Trump in Pennsylvania on Tuesday.
Trump in Pennsylvania on Tuesday.
Jeff Swensen/Getty Images

The world does not trust Donald Trump.

That’s not an overstatement. Huge majorities in more than a dozen countries around the globe say they have "no confidence" in Trump to do the right thing in world affairs, according to a new study released on Wednesday by the Pew Research Center.

The list doesn’t even include Mexico.

trump-support Zachary Crockett / Vox
How much confidence do you have in X to do the right thing regarding world affairs? Zachary Crockett / Vox

It’s not surprising that Trump, who has assumed a bellicose "America first" stance on both global military affairs and trade, would be viewed skeptically by America’s allies in Europe and Asia.

But these numbers are still striking. It’s not just that 85 percent of Europeans don’t trust Trump to do the right thing in world affairs; across the 16 countries surveyed, those saying they have "a lot of confidence" in Trump rises to 5 percent in only one country: Italy. There, Trump enjoys disproportionate popularity among supporters of Silvio Berlusconi, the former Italian prime minister convicted of tax fraud in 2013, according to Pew.

Trump is even less popular than Russian President Vladimir Putin in every country but Poland (the two are also tied in Spain).

Trump’s biggest base abroad comes from those who also belong to the right-wing nationalist parties in England, Poland, and Hungary, Pew found. (Thirty percent of members in the Euroskeptic UK Independence Party support Trump, compared with 12 percent in the UK as a whole.) But even among those groups, Pew says, Trump still commands "very low levels" of support.

Obama and Clinton do much better in Pew’s poll

Global opinion about Trump appears to be about him specifically, and not a reflection of a more general distrust of American leadership abroad.

We know that because President Barack Obama’s numbers look much like Trump’s in reverse:

obama-poll Zachary Crockett / Vox

With the exception of Greece, the majority of people in all 16 countries surveyed say they have confidence in Obama’s leadership in world affairs, and often by big margins. (Obama is still fairly well trusted in world affairs in the US, too: Close to 60 percent of Americans say they have faith in him to do the right thing, according to Pew.)

That appears to have changed not just foreigners’ views on the president but their opinions about America more generally. Since George W. Bush’s administration, Obama has led a recovery in the world esteem of the United States.

Hillary Clinton has similar, though slightly worse, numbers around the globe than Obama.

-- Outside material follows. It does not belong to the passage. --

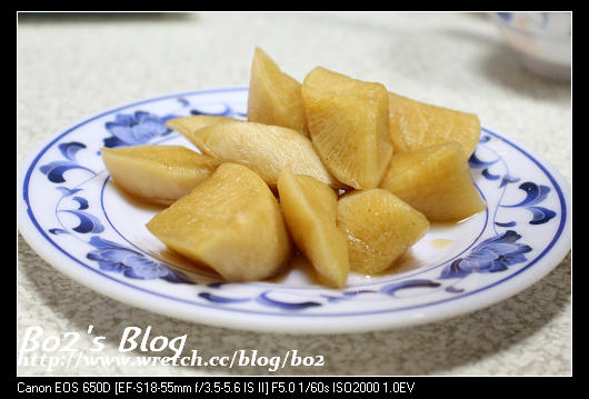 看似質樸,原來是口感爽脆,滋味又很鮮甜的醃蘿蔔,是很清爽開胃的前菜。

Pew notes that Clinton is widely popular in Europe, particularly in the Scandinavian and northern European countries. (That’s with the exception of Hungary and Poland, which have no opinion of Clinton, and Greece, which expresses highly negative views about all of the American leaders.) And while Obama does better in Asia, particularly among the Chinese, Clinton is still much more popular in that part of the world than Trump.

clinton-poll Zachary Crockett / Vox

Why do Swedes dislike Trump so much more than the Chinese?

Why is Trump least popular in Sweden among all European countries?

The fact may come as something of a surprise for Trump, given how often he likes to point out that the Swedes were not responsible for the 9/11 attacks. Perhaps it has to do with him falsely claiming to have Swedish ancestry when his grandfather actually came from Germany — an episode that helped set off a firestorm on Reddit.

Why Trump does slightly better in China and India is something more of a mystery. It seems likely to be at least partially a function of access — people in Europe and Japan may get a steadier diet of American political news than in those still-developing countries. Whatever the case, Trump is still widely mistrusted in China and India among those who have an opinion of him.

Of course, he may welcome the world’s derision as a badge of honor. Whether Americans think it’s okay for their president to be widely disliked around the world, however, is a question we’ll have to wait until November to answer.